1. A method for selectively signifying the shape in a planar field of an image having an arbitrary location, size, or orientation, comprising the steps of

scanning said image to separately count edge intercepts and area intercepts;

mathematically squaring said count of edge intercepts and then dividing by said count of area intercepts to produce a function of said shape; and

signifying said shape by the value of said function.

2. A method for recognizing an object which has an arbitrary location, size, or orientation within a relatively large field of view, comprising the steps of:

transferring said field of view and an image of said object into a planar addressable-storage field;

generating a root-pel cluster having pels that produce first signal levels responsive to an image in said field, and second signal levels otherwise;

generating a search routine by stepping said cluster throughout said field;

incrementing an area count whenever the number of first signal levels in said cluster exceeds a predetermined value;

incrementing an edge count whenever the number of first signal levels in said cluster falls within a first predetermined range, and the number of second signal levels in said cluster falls within a second predetermined range;

combining said area count and said edge count in a computing algorithm that produces a dimensionless K-factor;

finding a degree of match between the K-factor of an intercepted image and a trained K-factor stored in a library; and

identifying said intercepted image by displaying a label attached to a library best match.

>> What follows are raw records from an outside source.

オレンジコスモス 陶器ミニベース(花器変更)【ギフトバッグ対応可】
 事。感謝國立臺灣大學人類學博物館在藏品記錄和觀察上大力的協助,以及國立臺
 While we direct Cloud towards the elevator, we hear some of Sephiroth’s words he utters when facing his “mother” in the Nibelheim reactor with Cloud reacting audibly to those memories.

3. The method set forth in claim 2 in which said algorithm squares said edge count, and divides that squared count by said area count to produce said K-factor.

4. The method set forth in claim 2 in which said algorithm divides said edge count by the square root of said area count to produce said K-factor.

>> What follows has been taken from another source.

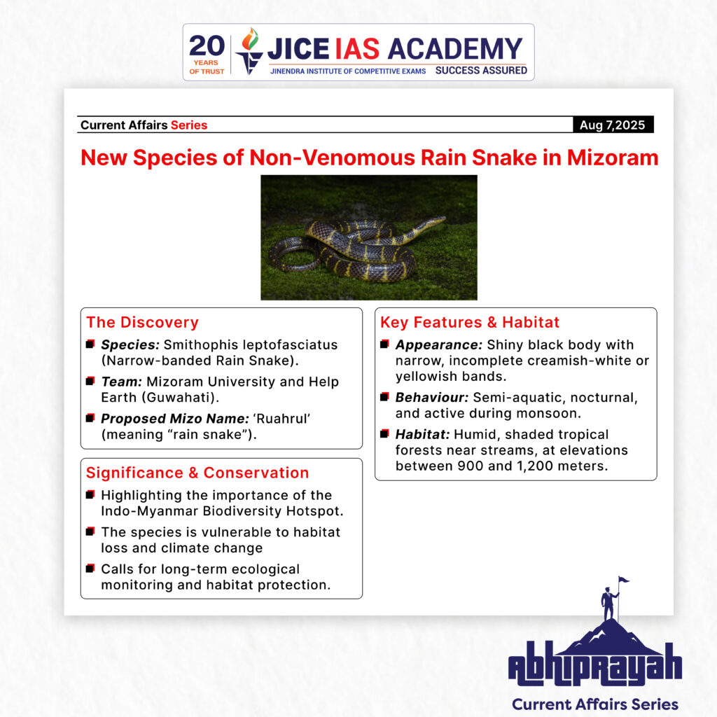 UPSC CURRENT AFFAIRS – 07th August 2025 Home / New Species of Non-Venomous Rain Snake Discovered in Mizoram Why in News? A new species of non-venomous rain-loving snake, Smithophis leptofasciatus (narrow-banded rain snake), has been discovered in Mizoram’s tropical forests. Introduction A team of Indian herpetologists from Mizoram University and Help Earth, a Guwahati-based biodiversity conservation group, has discovered a new species of rain-loving, non-venomous snake from the tropical forests of Mizoram. The discovery was published in the reputed journal Taprobanica: The Journal of Asian Biodiversity. This new species, named the Narrow-banded Rain Snake (Smithophis leptofasciatus), is a significant addition to the genus Smithophis and underlines the ecological importance of Northeast India as a biodiversity hotspot. Key Details of the Discovery 1. Taxonomic Classification Genus: Smithophis Species: leptofasciatus Common Name: Narrow-banded Rain Snake Proposed Mizo Name: ‘Ruahrul’, meaning “rain snake” Etymology: The species name “leptofasciatus” is derived from a hybrid of Greek and Latin words, meaning “narrow-banded,” which refers to its distinct dorsal pattern. 2. Morphological and Genetic Features Appearance: Shiny black body with narrow, incomplete creamish-white or yellowish-lime transverse bands. Size: Small, slender-bodied. Distinction: Initially confused with Smithophis bicolor, but molecular and morphological analyses confirmed it as a separate species. Reproductive Data: A gravid female in captivity laid six eggs, offering rare data on the reproduction of rain snakes. 3. Habitat and Behaviour Location Found: Humid, shaded microhabitats in elevated tropical forests of Mizoram, especially near small streams. Elevation: Between 900 and 1,200 meters above sea level. Behaviour: Semi-aquatic, nocturnal, and active during monsoon season, hence the name “rain snake.” Significance of the Discovery 1. Biodiversity Richness of Northeast India This is the third species of the genus Smithophis discovered in Mizoram: Smithophis atemporalis Smithophis mizoramensis Smithophis leptofasciatus (newly described) Reinforces Mizoram’s role as a center of speciation and endemism, making it a crucial region in the Indo-Myanmar Biodiversity Hotspot. 2. Scientific Contribution Enhances knowledge about the little-known genus Smithophis. Highlights the importance of integrating field observations with genetic research for accurate taxonomy. Provides new reproductive data, previously undocumented in this genus. 3. Conservation Concerns Habitat Specificity: The snake is forest-dependent and occupies a narrow elevational range, making it vulnerable to habitat loss and degradation. The study recommends long-term surveys, ecological monitoring, and habitat protection efforts to conserve the species. The species’ restricted distribution and reliance on monsoonal ecosystems may also render it sensitive to climate change impacts. Policy Implications Encourages scientific institutions and biodiversity groups to conduct microhabitat-level studies in lesser-known ecosystems. May prompt the State and Central governments to declare biodiversity-rich zones as conservation reserves. Conclusion The discovery of the narrow-banded rain snake (Smithophis leptofasciatus) from Mizoram is not just a taxonomic addition but a reminder of the rich but fragile ecosystems of Northeast India. As more such species come to light through field science and molecular taxonomy, it becomes essential to balance developmental activities with ecosystem conservation. Protecting such endemic species requires collaborative efforts among research institutions, local communities, and policy-makers to ensure the long-term sustainability of India’s ecological wealth. Introduction Economic Implications For Indian Exporters These reforms reduce transaction costs and compliance hurdles Encourage a more competitive and efficient export environment Promote value addition in key sectors like leather For Tamil Nadu The reforms particularly benefit the state’s leather industry, a major contributor to employment and exports Boost the marketability of GI-tagged E.I. leather, enhancing rural and traditional industries For Trade Policy These decisions indicate a shift from regulatory controls to policy facilitation Reinforce the goals of Make in India, Atmanirbhar Bharat, and India’s ambition to become a leading export power Recently, BVR Subrahmanyam, CEO of NITI Aayog, claimed that India has overtaken Japan to become the fourth-largest economy in the world, citing data from the International Monetary Fund (IMF). India’s rank as the world’s largest economy varies by measure—nominal GDP or purchasing power parity (PPP)—each with key implications for economic analysis. Significance and Applications
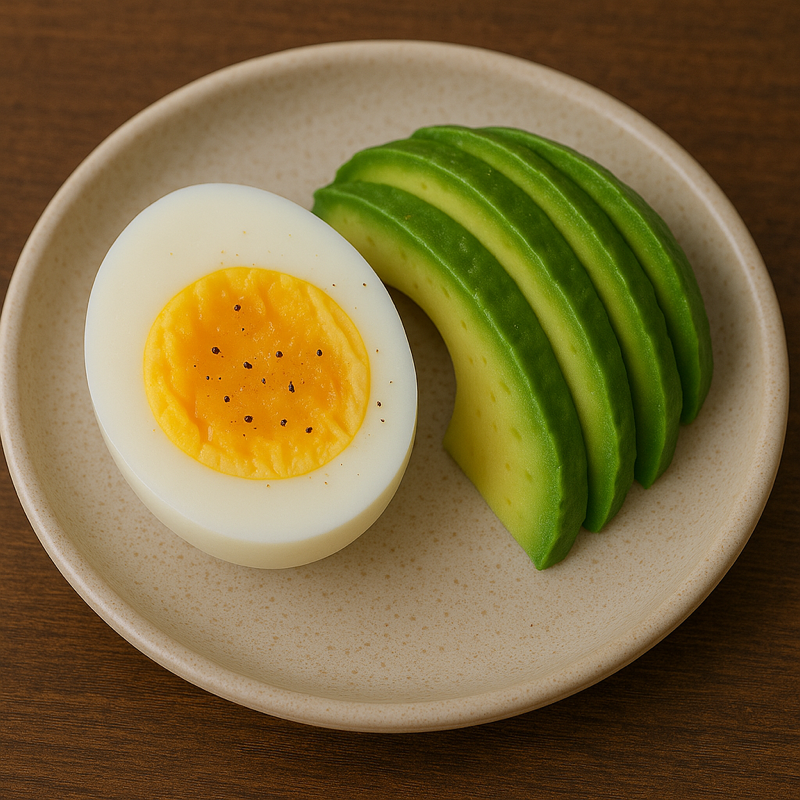 Ingrediënten: 1 groot hardgekookt ei, 1/4 avocado, een snufje zout en peper.

5. The method set forth in claim 2 in which the coordinate location of a first area count intercepted in said field by said cluster signifies the location of said object in said field.

6. The method set forth in claim 2 in which said area count is combined with said K-factor, and the combination is matched to counterparts stored in said library.

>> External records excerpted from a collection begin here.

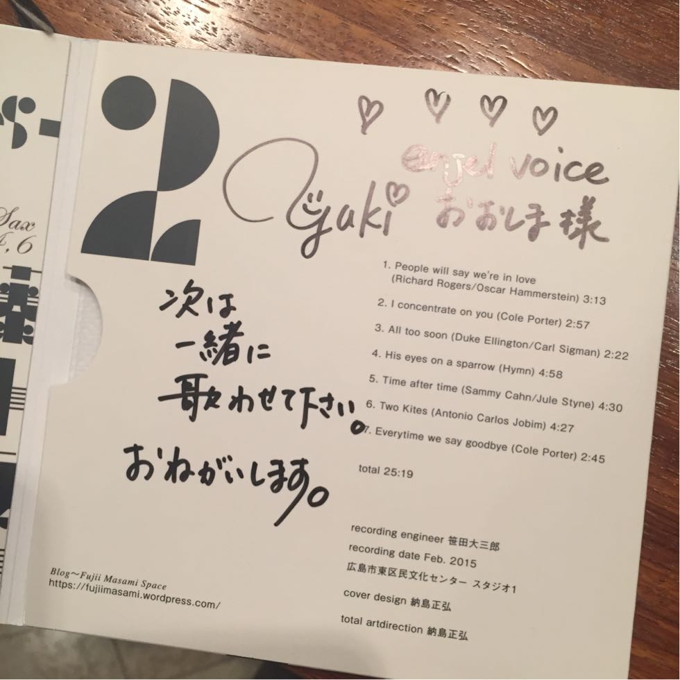 私はJAZZは無理なので、聴くだけなのですが、いつか因幡先生と共演したいね、と互いに話しつつも実現出来なかったので、CDにこんなメッセージが。
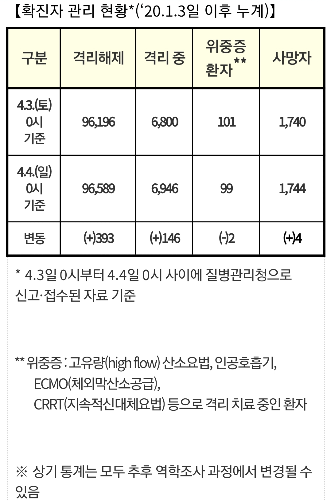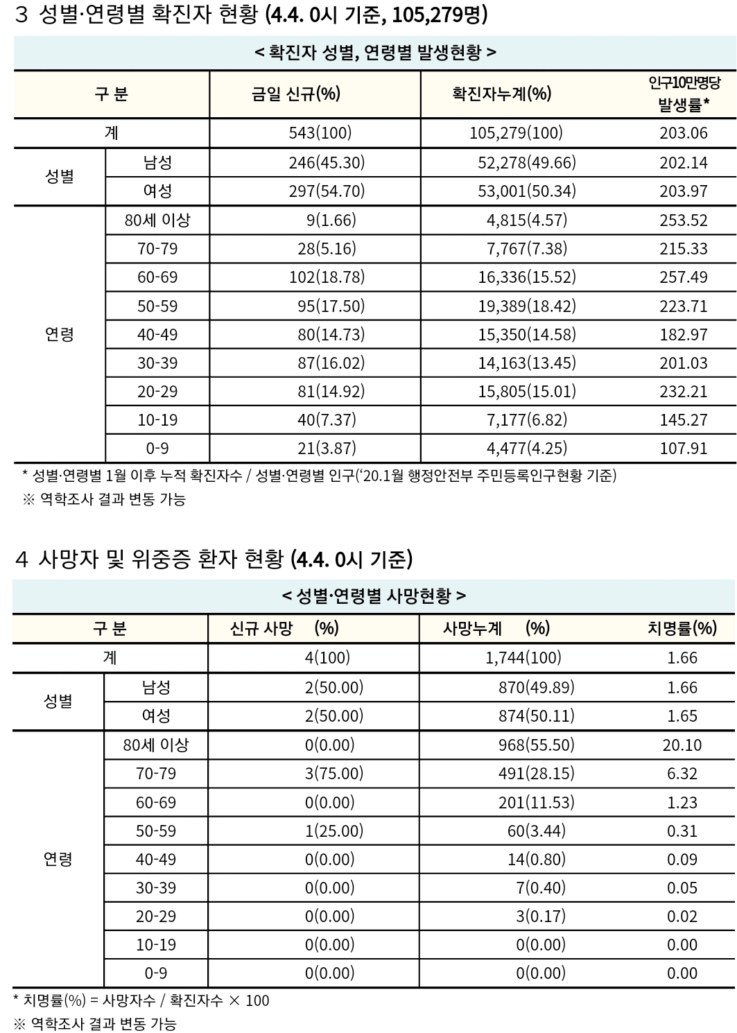 코로나19 집계(2021. 4.4. 0시 기준) 본문
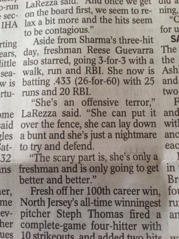With 2 more hits in today’s win Freshman Reese Guevarra breaks #1 in NJ and nationally ranked softball team IHA’s freshman hit record with 47 hits and more games left to play.
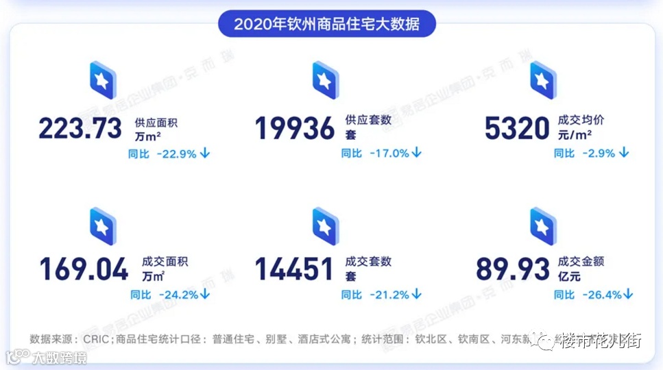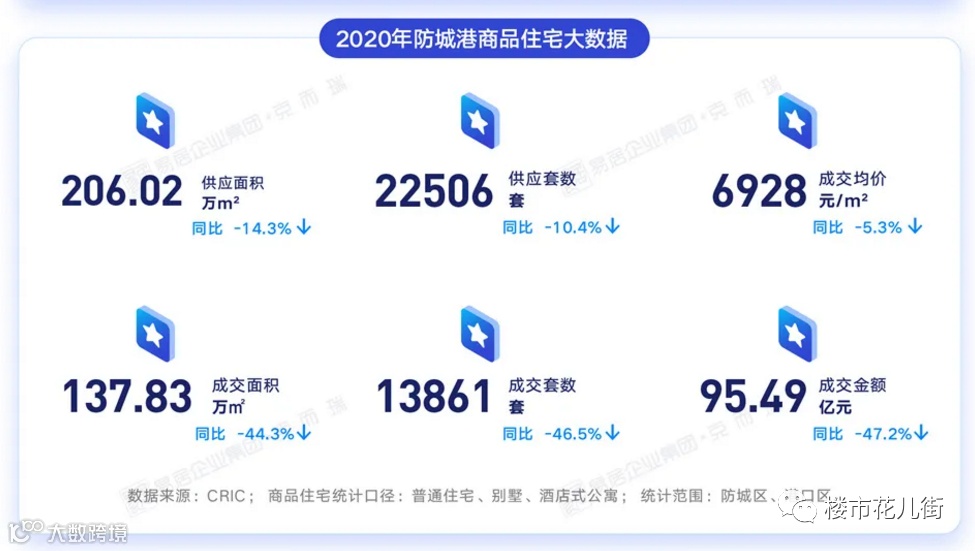 成交均价6928元/㎡,同比下降5.3%。全年商品住宅成交金额95.49亿元,同比下降47.2%,比北海的下浮还大!北海和防城港放在一起,简直能开个“拼跌”大会了!

7. The method set forth in claim 5 in which a ratio between said area count and said K-factor is set by a weighting coefficient appended to said library.

8. A device for selectively signifying the shape in a planar field of an image having an arbitrary location, size, or orientation, comprising:

sweeping means for scanning said image;

detection and counting means for separately counting edge intercepts and area intercepts;

computing means for squaring the count of said edge intercepts and then dividing by the count of said area intercepts to produce a function of said shape; and

comparison means for signifying said shape by the value of said function.

9. A device for recognizing objects which have arbitrary locations, sizes, or orientations within a relatively large field of view, comprising:

transfer means to place said field of view with an image of said object into a planar addressable-storage field;

a pel responsive to an attribute of said image in said storage field, and having a first state if said attribute is above a predetermined level, and a second state otherwise;

cluster generating means to assemble a cluster of said pels;

sweep generating means for stepping said cluster throughout said storage field;

first counting means for incrementing an area count whenever the number of pels in said first state in said cluster exceeds a predetermined value;

second counting means for incrementing an edge count whenever the number of pels in said first-state in said cluster falls within a first predetermined numerical range, and the number of pels in said second-state in said cluster falls within a second predetermined numerical range;

computing means for combining said area and edge counts to produce a dimensionless K-factor;

comparator means for finding a degree of match between said K-factor of the intercepted image and a trained K-factor stored in a library; and

display means for identifying said image by displaying a label attached to a library best match.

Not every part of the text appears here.